Boston lost by one goal. A messy rebound in the third period ricocheted off three shins and snuck behind our goalie.

I took my time leaving—jotting down final notes, letting the aisles clear before I stepped into the slow-moving current of fans.

The team buses would already be pulling away from the loading dock by now, escorted into traffic while the rest of us waited for walk signs and rideshares.

By the time I stepped out into the New York cold, the adrenaline of the game had faded, leaving only a tight, restless pull in my chest.

It was late when I finally pushed through the revolving doors of my hotel.

The lobby area was muted and subdued, almost too still after the roar of the arena.

Lamps cast low pools of amber light across the stone floor.

A lone desk clerk leaned over a computer screen.

Somewhere near the hotel bar, a couple spoke in hushed, tired voices while a bartender wiped down an already-clean counter.

I was still thawing from the late winter air when a familiar voice cut through the quiet.

“I thought you were sticking to home games.”

I turned. Dani leaned against a tall column near the elevators. Her hair was damp and loose from a shower, team-issued joggers slung low on her hips. Her hoodie was unzipped just enough to reveal the edge of a white tank top underneath.

She looked unfairly good for someone who had just played sixty minutes of hockey.

“I was. I am …” I said, acutely aware of my windblown hair. My frigid fingers twitched at my sides instead of trying to tame my curls. “I’m working on a feature about away games.”

She nodded slowly, but the corner of her mouth tugged up like she didn’t fully buy my excuse.

“You could’ve texted if you wanted a quote.” Her tone was casual.

“I didn’t want to bother you.”

“You wouldn’t have bothered me.”

Her words landed low in my stomach.

She nodded toward the bank of lobby elevators. “You heading up?”

“Uh huh.”

“Cool.”

We fell into step beside each other. Her shoulder was inches from mine, close enough that I could smell the mint from her shampoo, or maybe it was toothpaste, or maybe I just wished it was her toothpaste because that meant she was thinking—God, never mind.

When we reached the elevator, she pressed the button. Silence stretched between us. It wasn’t uncomfortable, but it felt charged, like every passing second was pulling my muscles tighter.

The doors opened, and we stepped inside.

“What floor?” she asked. Her fingers hovered over the panel.

“Fifteen.”

Her eyebrows lifted. “Me, too.”

The doors slid shut, sealing us into a small metal box that suddenly felt far too warm.

The elevator hummed upward.

“So …” I started, trying not to sound breathless, “good game.”

She pursed her lips. “We lost.”

“I noticed.”

“And yet you’re still saying it.”

“I’m being polite,” I said.

“You don’t have to be polite with me.”

The elevator dinged and the doors slid open. Fifteenth floor.
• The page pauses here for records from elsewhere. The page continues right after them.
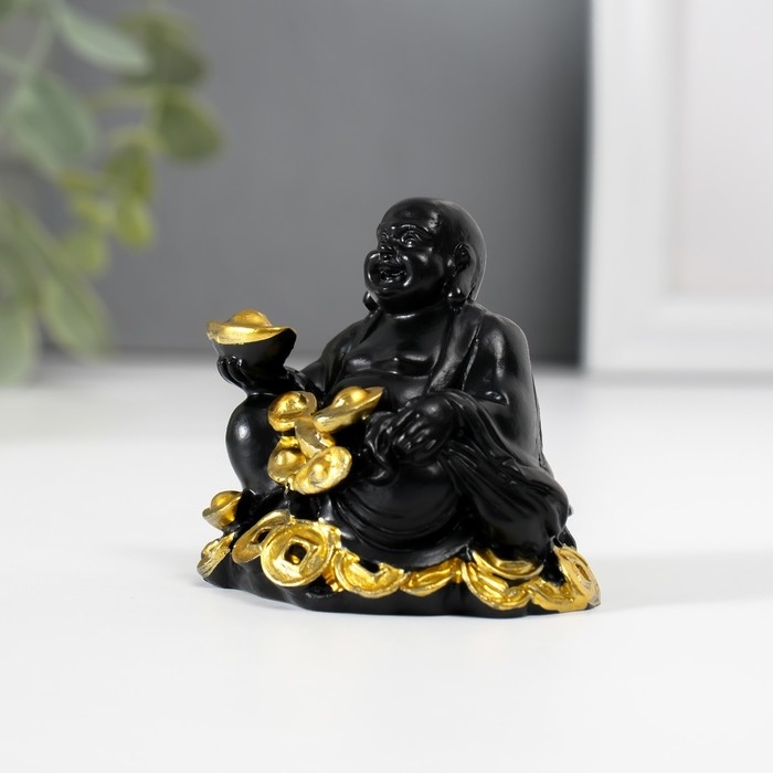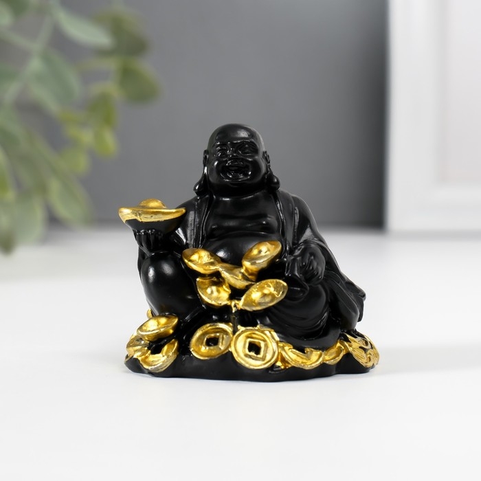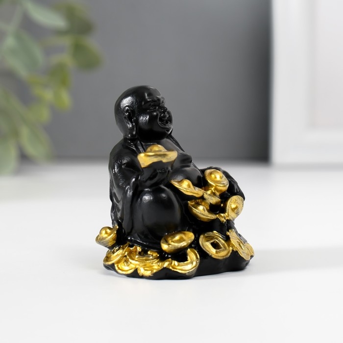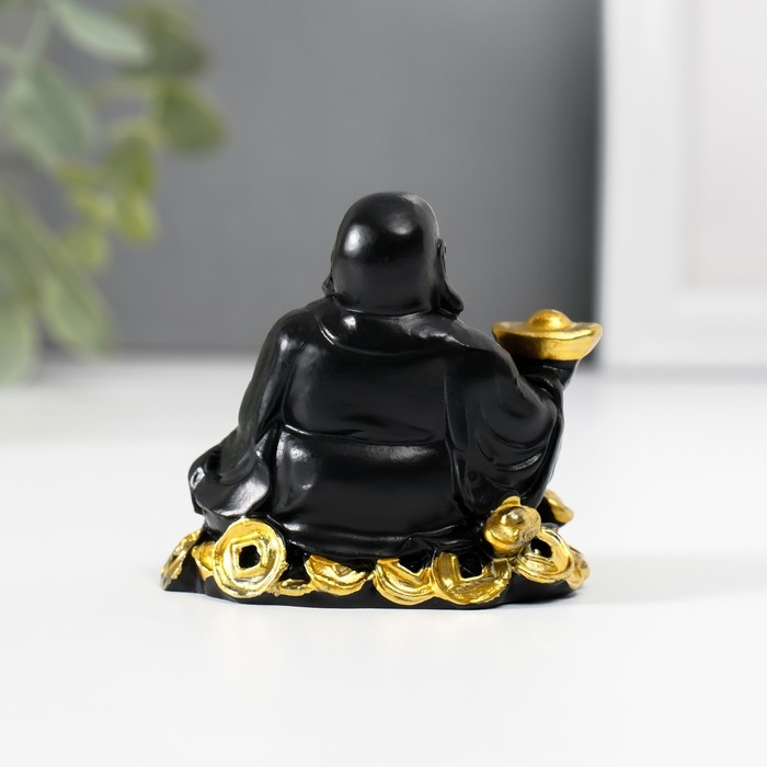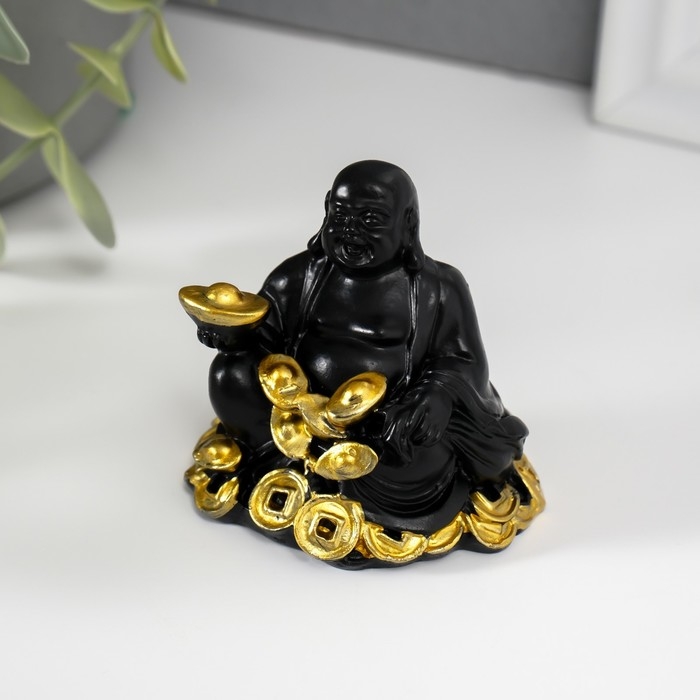 Нэцкэ полистоун "Хотей с золотыми слитками и монетами" чёрный 4х5,7х5,5 см
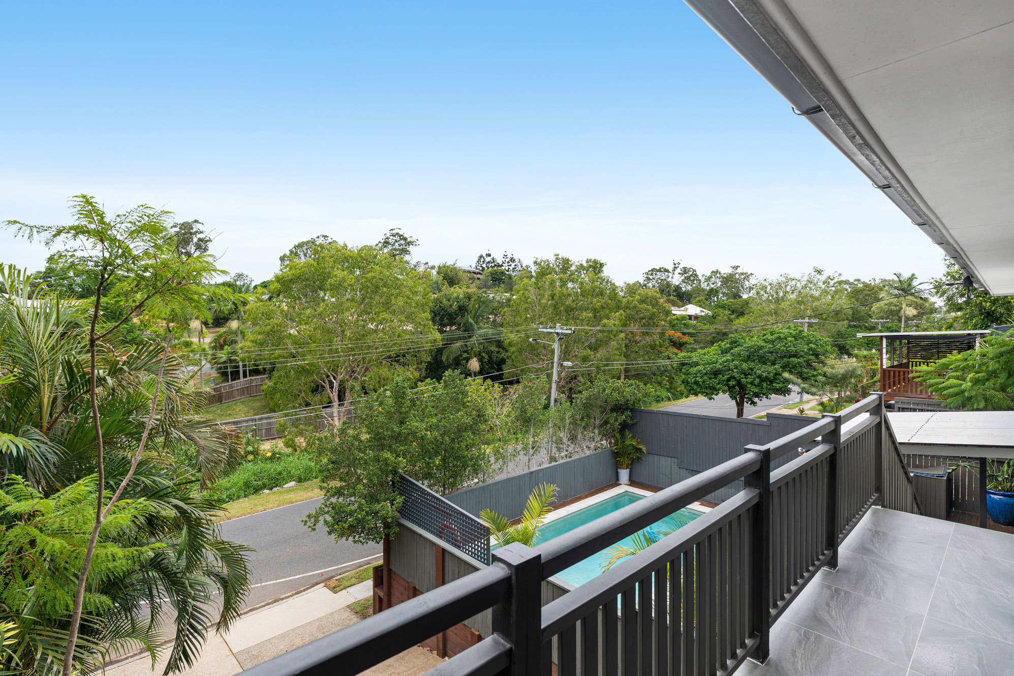 Discreet poolside retreat positioned at the front of the home for a refreshing dip with the kids
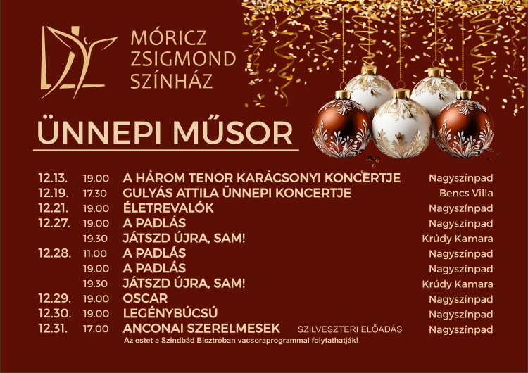Decemberben az ünnepek előtt, karácsony után és szilveszterkor is várja közönségét a Móricz Zsigmond Színház
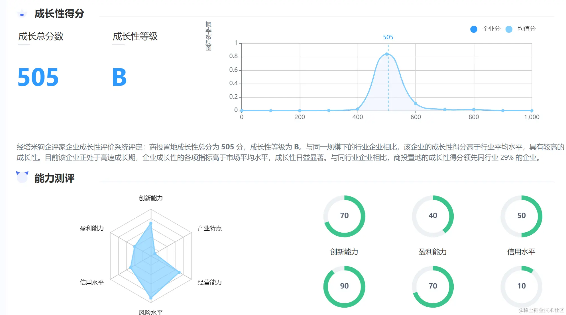 经塔米狗企评家企业成长性评价系统评定:商投置地成长性总分为 505 分,成长性等级为 B。与同一规模下的行业企业相比,该企业的成长性得分高于行业平均水平,具有较高的成长性。目前该企业正处于高速成长期,企业成长性的各项指标高于市场平均水平,成长性日益显著。与同行业企业相比,商投置地的成长性得分领先同行业 29% 的企业。

We stepped out into the carpeted hallway, but didn’t move far from the elevator. I didn’t know what would happen next. A conversation? More elevator small talk?

Dani cleared her throat. “Have you, uh … eaten yet?”

I lifted my shoulders like her question hadn’t just made my pulse jump. “Not yet. I was going to grab something downstairs, or—I don’t know—order a pizza.”

“Do you want to just order room service?” she proposed. “If you’re hungry.”

My heart did something humiliating.

“Yeah. Okay,” I said, trying to school my features. “Your room or mine?”

I was amazed I didn’t fumble over the question.

Dani jerked her thumb in the direction of a room door. “Cat’s in mine, so—”

“Oh.” I tried not to react. “She’s your roommate for road games?”

“Uh huh.” Her mouth twitched. “I’m sure she’ll want in on whatever food we get—and don’t get me wrong, I love the girl—but she hasn’t shut up since the second period, and I cannot listen to her nag me one more time about that missed scoring opportunity.”

“I get it,” I said, probably too quickly.

Her eyebrows lifted, almost amused. “Do you?”